Graceful words, bridges burned

Music serves a very personal function in my life. While some scoff at the fact that I rarely venture beyond my ten-twenty artists, it is typically because I share such an intimate relationship with them and do not take that lightly.

Though I occasionally set my library on shuffle, the most frequently played songs are almost exclusively from Iron & Wine, Sufjan Stevens, The Kooks, Snow Patrol—and a few others of that vein.
I like my music folksy, mellow—and frequently British.

I’m also typically skeptical when musical groups suddenly become very popular, so when my roommate and I first heard Mumford & Sons on TV one morning, I wasn’t sure what to think.
But I liked their sound, so we got the album.

However, I didn’t listen to it very closely until their lyrics lit up my news feed as several of my friends started using them for status updates on Facebook.

At the risk of sounding like a music review, I did a little research on the band. Mumford & Sons consists of four men (including one named Country Winston; that may be one of the most delightful names I have ever heard) from London.

“Sigh No More” is their official debut album, although they’ve been together for a few years. They love performing live and are working their way through the US right now.

Though I was initially drawn to their music, I was subsequently captivated by the stories that they tell through their songs. In particular, “Roll Away the Stone” quickly became one of my favorites because of a few simple lines: “It seems that all my bridges have been burned / But you say ‘That’s exactly how this grace thing works’ / It’s not the long walk home that will change this heart / But the welcome I receive with every start”

Something about that verse struck something deep within me. And I have deleted at leave five attempts at the next sentence; trying with everything I am not to say what I’ve heard in every sermon about grace all my life.

But the most eloquent conclusion I’ve found thus far is that grace cannot exist without a burned bridge or two.

If my Savior came to find that which was lost, I imagine that He started by looking for all the fires. And yet, that seems so hard to wrap our minds around.

In a church that emphasizes the righteousness of the Christian individual (perhaps rightly so)—often by works (perhaps wrongly so)—is there any room for the sin we do not fully escape?

Where do we fit all the mistakes and human failings that shape much of who we are into our conception of the believer striving for perfection?

Because despite my many faults and not so pleasant past experiences, it has often been through those struggles that God showed me His face, perhaps the most powerfully. In the midst of my darkness, He becomes all the more radiant.

And it is that Presence at every ‘start’ of my ever lengthening journey that sustains every step—because each burned bridge gives me one more reason to keep moving forward.

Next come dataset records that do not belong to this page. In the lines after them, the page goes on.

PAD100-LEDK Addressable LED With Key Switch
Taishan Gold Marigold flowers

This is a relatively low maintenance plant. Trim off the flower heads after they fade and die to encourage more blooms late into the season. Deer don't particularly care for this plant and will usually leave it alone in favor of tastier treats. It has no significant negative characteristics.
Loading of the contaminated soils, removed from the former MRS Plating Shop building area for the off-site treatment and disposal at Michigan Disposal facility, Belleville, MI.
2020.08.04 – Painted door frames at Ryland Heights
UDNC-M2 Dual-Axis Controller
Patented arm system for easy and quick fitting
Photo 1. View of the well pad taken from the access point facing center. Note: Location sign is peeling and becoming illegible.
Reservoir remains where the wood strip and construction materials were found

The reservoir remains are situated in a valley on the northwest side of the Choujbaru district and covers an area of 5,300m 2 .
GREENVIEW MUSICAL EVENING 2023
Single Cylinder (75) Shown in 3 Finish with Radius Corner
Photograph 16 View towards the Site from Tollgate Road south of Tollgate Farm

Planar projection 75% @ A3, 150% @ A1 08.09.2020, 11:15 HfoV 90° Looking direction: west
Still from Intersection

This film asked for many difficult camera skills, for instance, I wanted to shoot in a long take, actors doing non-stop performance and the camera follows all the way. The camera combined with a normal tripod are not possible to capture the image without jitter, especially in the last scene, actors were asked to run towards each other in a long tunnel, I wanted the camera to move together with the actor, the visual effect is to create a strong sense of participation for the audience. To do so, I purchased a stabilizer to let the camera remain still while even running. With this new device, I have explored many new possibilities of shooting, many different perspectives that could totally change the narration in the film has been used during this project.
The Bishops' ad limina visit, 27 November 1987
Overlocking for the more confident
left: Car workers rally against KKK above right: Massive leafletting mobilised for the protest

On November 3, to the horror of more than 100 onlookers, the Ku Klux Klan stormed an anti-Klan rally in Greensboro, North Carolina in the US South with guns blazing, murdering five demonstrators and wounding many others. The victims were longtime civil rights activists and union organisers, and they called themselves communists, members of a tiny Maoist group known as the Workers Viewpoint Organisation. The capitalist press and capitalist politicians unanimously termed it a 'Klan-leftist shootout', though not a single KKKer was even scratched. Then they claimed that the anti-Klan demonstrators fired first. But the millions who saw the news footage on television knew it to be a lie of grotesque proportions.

We know that this is where Romans 6 comes in, before someone accuses me of giving the campus free reign to sin; I’ll spare you the theology and simply leave you with these thoughts.

Christ called us to a life of righteousness, but He did not waste His time on the spotless.
He makes it abundantly clear that we are truly made righteous by the nature of our faith—and this faith is often characterized by the ones who feel they have nowhere left to go but up.

“But where sin increased, grace increased all the more...” I praise God that we can serve the One who makes even our failings into something beautiful.

And that is what makes the journey worth taking every day, so that we can become better—through His grace—ever growing into the image of the Creator together.

In short, Mumford & Sons captures this story quite beautifully through their music. That is one humble opinion of this music-illiterate bookworm.